Patiently he sought for the tracks of the man who wore a size eight sandshoe when he committed two murders. That man could be wearing riding-boots, dancing-pumps, or sandals, and as he would walk the same, he would reveal the same peculiarities as when wearing sandshoes. His stride would be the same, the manner of his limp would be the same, and the way in which he placed his feet in juxtaposition with a central line would be the same.
At the end of a week Bony had not seen this man’s tracks on Main Street, and now thought it probable that he lived at Dryblowers Flat or at one of the cattle stations on the road to Laverton. He did refresh his memory by studying the imprints made by Constable Harmon’s set of plaster casts, much to the satisfaction of the policeman. He found on the sidewalks foot-tracks much like them, and those of Tony Carr came very close.
He was completely confident that one day he would see the tracks he sought, and find the man who made them. Success is an edifice built on Patience.
He called on Sister Jenks one morning at the close of her surgery hour, and for excuse suggested a bottle of coloured water for a slight tummy ailment.
“H’m! Tummy pains, Bony. Well now, a nice draught of salts is an excellent remedy,” she said brightly, and he had to explain that the ‘medicine’ was intended as eyewash for the curious.
“So that’s it, Bony. All you’ve come for is a gossip about the neighbours. Well, which one is it this time? Seriously, though, are you growing any warmer?”
“I could be sitting on an iceberg. Nothing pairs, nothi
ng matches, nothing falls down and nothing builds up. There is a seemingly weak point I want to test. I keep returning, because there is nothing else to return to, to the poor reports on tracks which expert trackers could be expected to have made much more extensive. I’ve been thinking, as indeed have others, that our murderer chose to commit his killings when the tribe was away from Daybreak, hoping that the delay by having to bring in outside trackers would frustrate the police. There is a possible other reason he had for choosing his timing. Shall we discuss the MacBrides and their aborigine domestic?”

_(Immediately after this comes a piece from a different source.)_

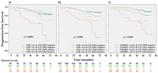 The Kaplan-Meier PFS estimates for CTC EMT stratified by individual stromal TILs categories. CTC EMT positive patients with (a) CD3high, (b) CD8high, and (c) CD45ROhigh stromal infiltration had significantly shorter PFS than all other combinations (p ≤ 0.001 for CD3, CD8, and CR45RO, respectively, by the Log-rank test).
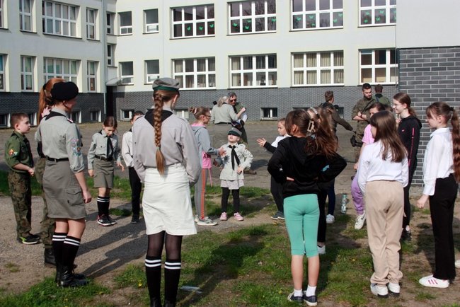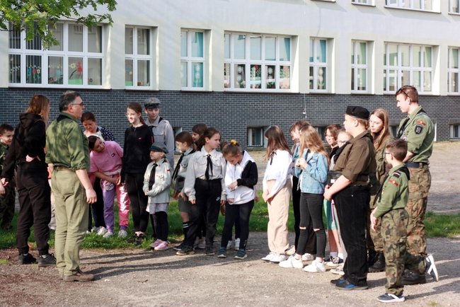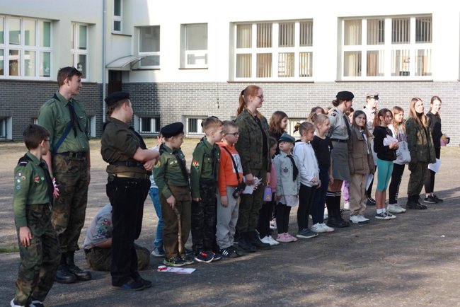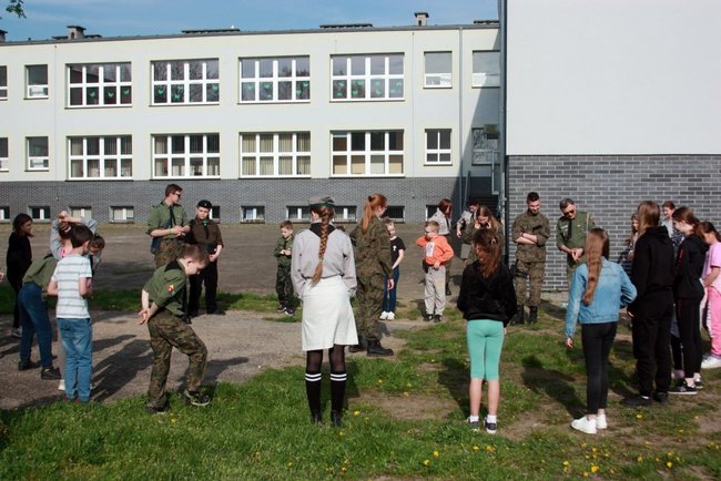 Na terenie szkoły zostały ukryte zagadki, których rozwiązanie pomogło w odczytaniu ukrytego tekstu. Rozwiązaniem okazał się art. 4 Ustawy o godle, barwach i hymnie Rzeczypospolitej Polskiej oraz o pieczęciach państwowych:

“Anything you like, Bony. You’re anxious because there might be another murder, aren’t you?”
“Were it not for that possibility, I could regard myself as being on holiday. Yes, I am anxious. Because I haven’t forced action, I haven’t yet met the MacBrides. Be my magnifying-glass. The parson ... could he have had an affair with the dead girl?
“Of course not, Bony. What an idea!”
“It has been known to happen,” murmured Bony, evincing slight embarrassment. “I understand that the girl worked for the MacBrides for periods of weeks, and for similar periods lived with her people. Correct?”
“Yes.” Sister Jenks puckered her forehead in protest. “But I don’t think the MacBrides could be called her employers in the real sense. Mrs MacBride provided Mary with good clothes, and when she went anywhere in the car, she took Mary with her.”
“Well then, did Mary have any boy friends ... black or white?”
“I don’t think so. She had girl friends. I’ve seen her with some of the girls from Dryblowers Flat ... white girls ... the two Elder girls, as well as others.”
“The Elder girls, what are they morally, do you think?”
Sister Jenks laughed impishly.
“You know, Bony, I do believe you don’t like asking about girls’ morals, or even a parson’s morals. Don’t mind me. I’ve never heard anything against the morals of the Elder girls, and I would have, had either given cause for gossip. They’re as wild as brumbies. The other girls down there are, too. They go hunting with the aborigine girls, and I know that Mary used sometimes to be of the party.”